Verwijzingsbeschikking: Grondwettelijk Hof

B.16. De vraag rijst of, zoals het Hof van Justitie in het voormelde arrest van 11 december 2014 heeft geoordeeld met betrekking tot het Spaanse stelsel, de uit de in het geding zijnde bepalingen voortvloeiende verplichting voor personen of ondernemingen om een beroep te doen op erkende havenarbeiders voor het verrichten van activiteiten van havenarbeid in de zin van de Wet Havenarbeid - waaronder de activiteiten die vreemd zouden zijn aan het laden en lossen van schepen – een ongerechtvaardigde beperking inhoudt van de in artikel 49 van het VWEU gewaarborgde vrijheid van vestiging, rekening houdend met de verschillen in regelgeving en de voormelde voorwaardelijke beëindiging van de inbreukprocedure door de Europese Commissie tegen België.
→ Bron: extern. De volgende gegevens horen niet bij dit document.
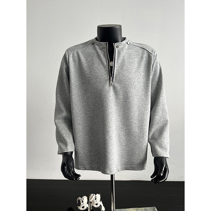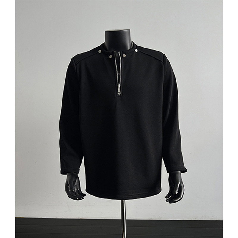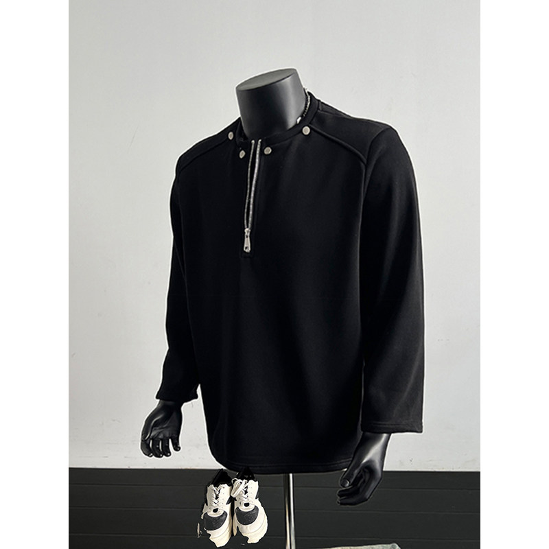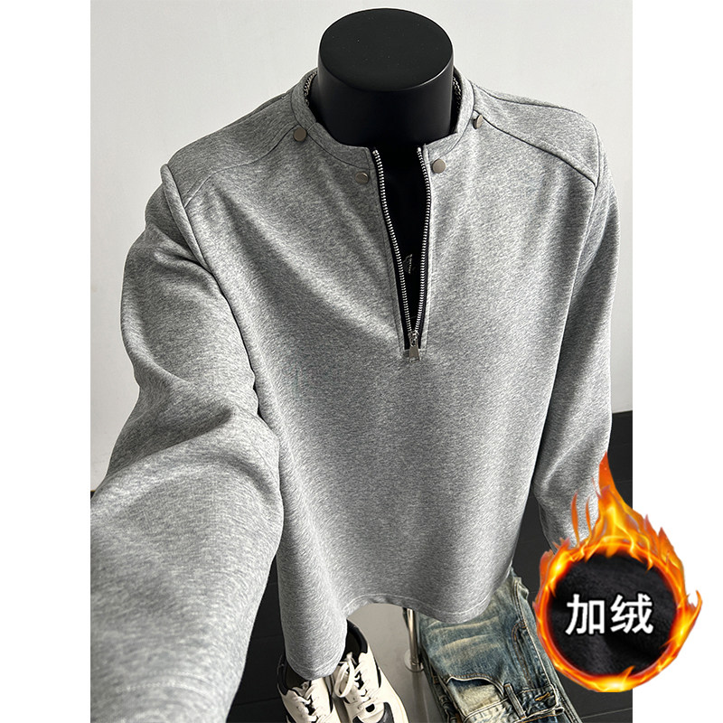 加绒黑色半拉链垫肩上衣男士潮流美式圆领长袖T恤痞帅青少年体恤

Daartoe dient het Hof uitsluitsel te krijgen over de interpretatie van artikel 49 van het VWEU in het licht van de specifieke kenmerken en omstandigheden van het in het geding zijnde wettelijke kader inzake de havenarbeid.

B.18.1. Indien het Hof van Justitie op die eerste vraag een bevestigend antwoord zou geven, dan zou het Hof bovendien krachtens artikel 28, tweede lid, van de bijzondere wet van 6 januari 1989 op het Grondwettelijk Hof, indien het dit nodig acht, bij wege van algemene beschikking, de gevolgen van ongrondwettig bevonden bepalingen kunnen aanwijzen welke als gehandhaafd moeten worden beschouwd of voorlopig worden gehandhaafd voor de termijn die het vaststelt.